We began by discussing what was covered in the previous articles of this series, where we examined precision, recall, accuracy, and F-scores. Then, we introduced the bank marketing dataset and discussed preprocessing steps. Next, we built and evaluated five different classification models, comparing their ROC-AUC scores. Finally, we explained the ROC-AUC curve and its significance in model evaluation.

To summarize, the ROC-AUC curve is an essential metric when dealing with imbalanced datasets, as it provides a comprehensive view of the model’s performance in classifying instances from both classes. In our example, the Random Forest model achieved the highest ROC-AUC score, suggesting the best performance in distinguishing between clients who will and won’t subscribe to a term deposit.

We have covered all the most commonly used evaluation metrics. However, there are a few additional metrics we might consider:

Matthews Correlation Coefficient (MCC): The MCC is a measure of the quality of binary classification that takes into account true and false positives and negatives. It ranges from -1 (inverse prediction) to +1 (perfect prediction), with 0 indicating random chance. The MCC is particularly useful for imbalanced datasets.
Balanced Accuracy: Balanced accuracy calculates the average of recall (sensitivity) obtained on each class and is useful for imbalanced datasets. It ranges from 0 to 1, with 1 indicating the perfect classification and 0.5 indicating random chance.
Cohen’s Kappa: Cohen’s Kappa is a statistic that measures inter-rater agreement for categorical items. It is used to assess the performance of a classification model compared to a random baseline. The Kappa statistic ranges from -1 to +1, with +1 indicating perfect agreement, 0 indicating no better agreement than chance, and negative values indicating agreement worse than random chance.

These additional metrics can help provide further insights into our classification model’s performance, especially when dealing with imbalanced datasets or when a more nuanced understanding of the model’s behavior is required.
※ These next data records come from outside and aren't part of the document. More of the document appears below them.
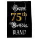 Den här utformandet och elegantens presentsäcksdesign för födelsedagspressar innehåller meddelandet "Lycklig 75:e födelsedag", tillsammans med anpassadets mottagare namn. En del av budskapet finns i en lyxig text med skript-stil. Det stora antalet "75:e" har ett faux/imitation guld-inspirerat utseende mönster. Bakgrunden är svart på färgad. En presentpåse som denna kan användas när en gåva eller present till heder för någons födelsedag i 75:e är ge. [~Z0000560]
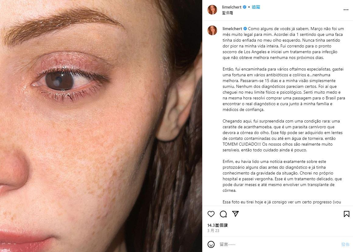 眼睛是人類的靈魂之窗,若是為了美觀而配戴受污染的隱形眼鏡,導致細菌感染造成永久的視力障礙,可謂得不償失。近日,在IG擁有150萬fans的KOL梅爾切特(Lilian Melchert)在網路表示,自己因為眼睛疼痛而就醫,意外發現感染棘阿米巴角膜炎(Acanthamoeba keratitis),即使接受治療也無法百分之百獲得改善,還一度喪失視力,讓她感到非常崩潰。
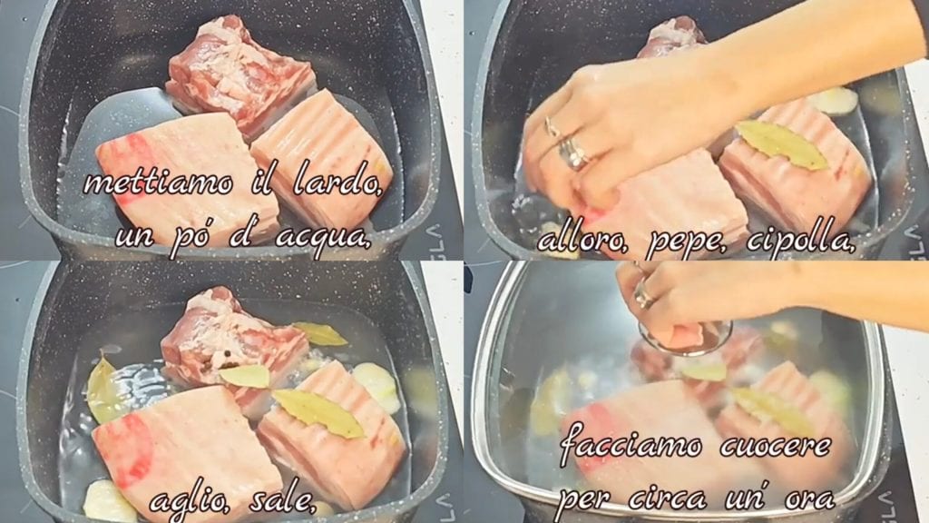 First, cut the lard into pieces and place them in a pot with a bit of water. Add some bay leaf, pepper, onion, garlic, salt, and cook for about an hour.
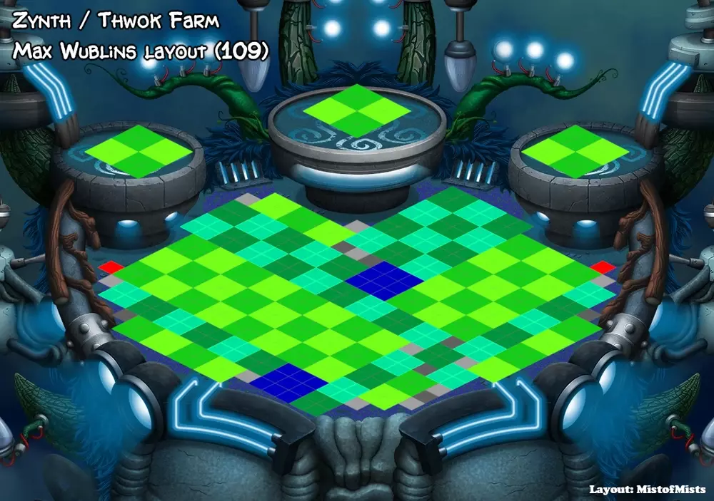 为合成赞斯,需要以下蛋: 1x 康果(寒冷、空气、绿洲) 1x 特洛克斯(植物、空气) 1x 橡树章鱼(植物、寒冷、水、心灵、舒格布什) 1x 潘果(寒冷、空气、大地、绿洲) 1x 鼓普乐(植物、空气、大地、精灵) 1x 莫(植物、寒冷、空气、绿洲) 合成赞斯的一些技巧: 只有在大多数怪物(尤其是康果)完成繁殖并准备好进行 zap 后,才开始赞斯计时器。 开始赞斯农场前,至少解锁植物岛、寒冷岛和空气岛。 对于康果和特洛克斯,如果拥有稀有品种,用稀有品种进行繁殖可获得 100% 成功率;否则,使用四元素怪物进行繁殖。 赞斯农场岛布局 最有效的赞斯农场布局如下,可在岛上容纳最多数量的巫布林(109 个):

Please check the colab File as I have used these 3 metrics as well on our Bank Marketing Data Set, here is the output of the following:

ROC-AUC Score, MCC, Balanced Accuracy, and Cohen’s Kappa metrics on Bank Marketing Dataset

By considering these additional metrics, we can confirm that the Random Forest model is indeed the best-performing model among the ones tested, as it has the highest scores for all the evaluation metrics, including ROC-AUC. This reinforces our previous interpretation based on just the ROC-AUC scores.

Most Important Takeaways From This Series of Articles

Understanding the metrics: Different metrics like accuracy, precision, recall, F-scores, and ROC-AUC are crucial for evaluating the performance of classification models. Each metric has its unique characteristics, making it more suitable for specific scenarios.
Importance of context: The choice of the appropriate metric largely depends on the context of the problem you’re trying to solve. For example, precision and recall are essential when dealing with imbalanced datasets or when the cost of false positives and false negatives are significantly different.
F-scores for balancing precision and recall: F-scores, such as F1, F0.5, and F2, provide a single metric that balances the trade-off between precision and recall. The choice of which F-score to use depends on the importance you place on precision vs. recall in your specific application.
ROC-AUC for evaluating classifier performance: The ROC-AUC curve is a powerful visualization tool for evaluating classifier performance across various decision thresholds. The AUC (Area Under the Curve) value provides a single scalar value representing the model’s performance, with higher values indicating better classification.
Additional metrics for specific scenarios: Metrics like Matthews Correlation Coefficient, Balanced Accuracy, and Cohen’s Kappa can be used in specific scenarios or when dealing with imbalanced datasets to provide a more nuanced understanding of the model’s behavior.